■ **Data to process**
*** Block opens ***

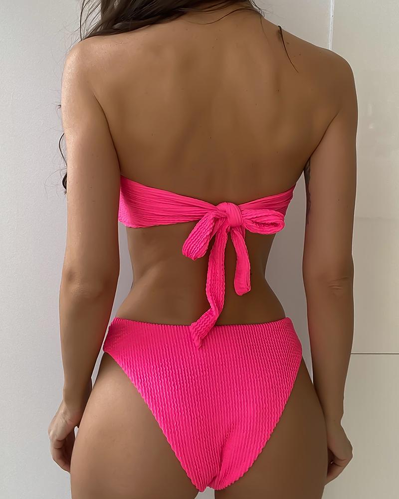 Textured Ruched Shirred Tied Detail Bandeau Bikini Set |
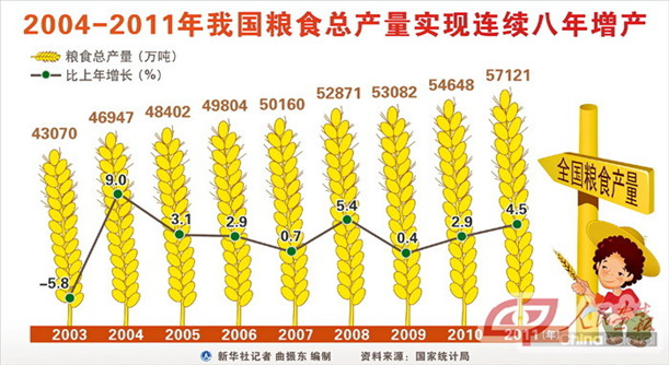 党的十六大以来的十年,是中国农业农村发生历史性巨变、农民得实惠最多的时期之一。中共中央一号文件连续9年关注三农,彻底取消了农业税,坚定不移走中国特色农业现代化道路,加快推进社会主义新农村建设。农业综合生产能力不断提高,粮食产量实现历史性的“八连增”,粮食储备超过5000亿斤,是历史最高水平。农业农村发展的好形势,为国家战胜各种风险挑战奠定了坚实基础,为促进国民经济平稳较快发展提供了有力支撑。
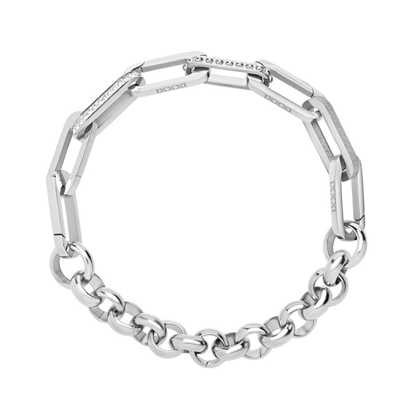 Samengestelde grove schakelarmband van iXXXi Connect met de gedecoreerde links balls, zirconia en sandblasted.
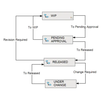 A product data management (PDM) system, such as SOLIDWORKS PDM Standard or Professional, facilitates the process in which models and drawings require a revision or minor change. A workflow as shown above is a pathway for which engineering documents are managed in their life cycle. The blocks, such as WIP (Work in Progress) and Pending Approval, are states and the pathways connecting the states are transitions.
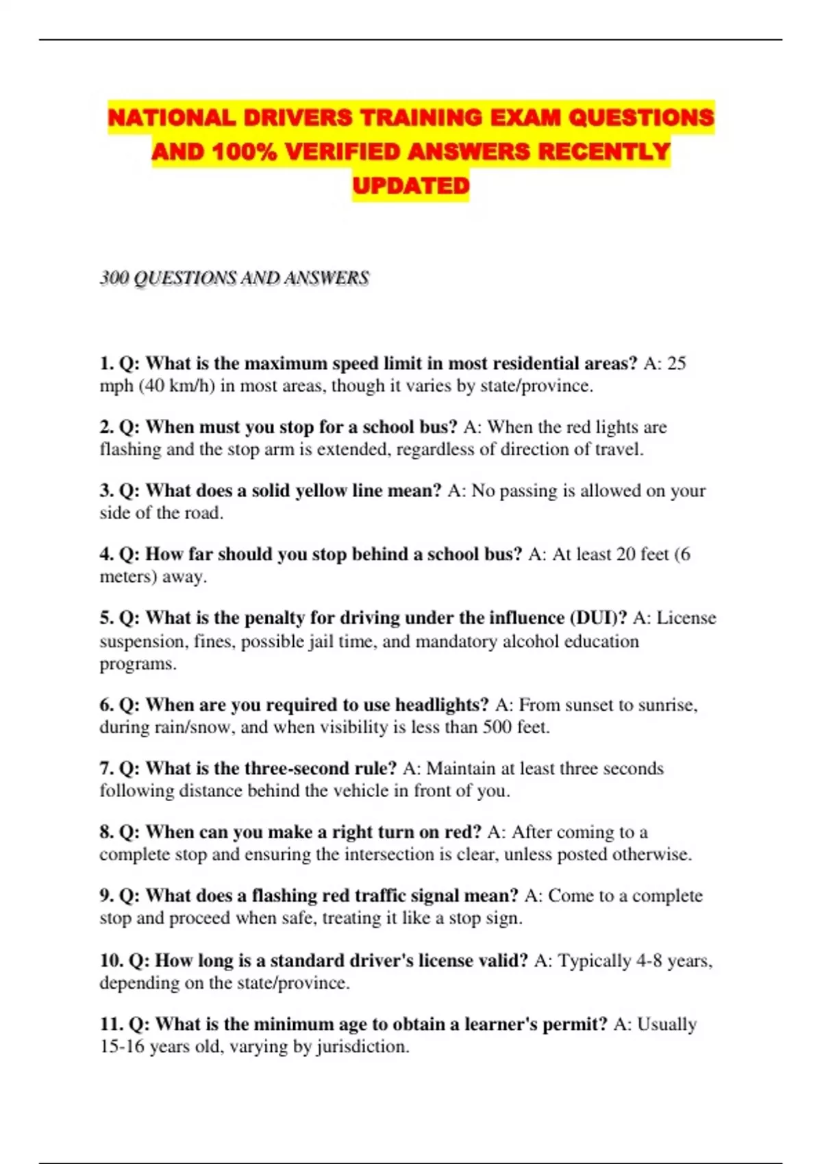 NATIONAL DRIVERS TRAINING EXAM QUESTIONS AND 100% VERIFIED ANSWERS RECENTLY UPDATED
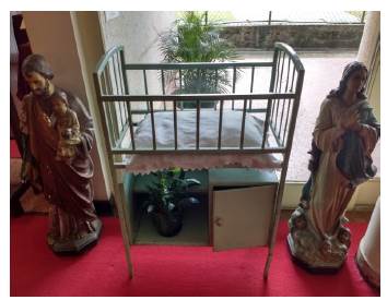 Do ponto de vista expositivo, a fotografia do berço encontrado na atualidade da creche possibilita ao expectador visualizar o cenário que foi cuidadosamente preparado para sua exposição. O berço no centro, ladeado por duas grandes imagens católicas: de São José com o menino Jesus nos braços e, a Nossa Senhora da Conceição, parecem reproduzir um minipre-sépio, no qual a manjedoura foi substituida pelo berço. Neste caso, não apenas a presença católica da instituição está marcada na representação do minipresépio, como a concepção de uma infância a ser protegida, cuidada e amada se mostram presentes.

*** Block closes ***
*** Block opens ***

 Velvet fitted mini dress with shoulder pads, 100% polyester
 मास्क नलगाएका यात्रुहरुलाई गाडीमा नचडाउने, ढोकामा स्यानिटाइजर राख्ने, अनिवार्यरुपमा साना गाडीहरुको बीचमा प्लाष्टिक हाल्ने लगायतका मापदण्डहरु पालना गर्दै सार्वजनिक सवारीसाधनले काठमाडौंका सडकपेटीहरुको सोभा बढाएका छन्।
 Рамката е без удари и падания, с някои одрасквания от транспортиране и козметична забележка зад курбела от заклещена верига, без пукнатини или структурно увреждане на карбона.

*** Block closes ***

In the entries above, find the line with "Velvet fitted mini" and the line with "Рамката е без", then set down exactly those two and every line between them, nothing else.

■ **Answer area**
 Velvet fitted mini dress with shoulder pads, 100% polyester
 मास्क नलगाएका यात्रुहरुलाई गाडीमा नचडाउने, ढोकामा स्यानिटाइजर राख्ने, अनिवार्यरुपमा साना गाडीहरुको बीचमा प्लाष्टिक हाल्ने लगायतका मापदण्डहरु पालना गर्दै सार्वजनिक सवारीसाधनले काठमाडौंका सडकपेटीहरुको सोभा बढाएका छन्।
 Рамката е без удари и падания, с някои одрасквания от транспортиране и козметична забележка зад курбела от заклещена верига, без пукнатини или структурно увреждане на карбона.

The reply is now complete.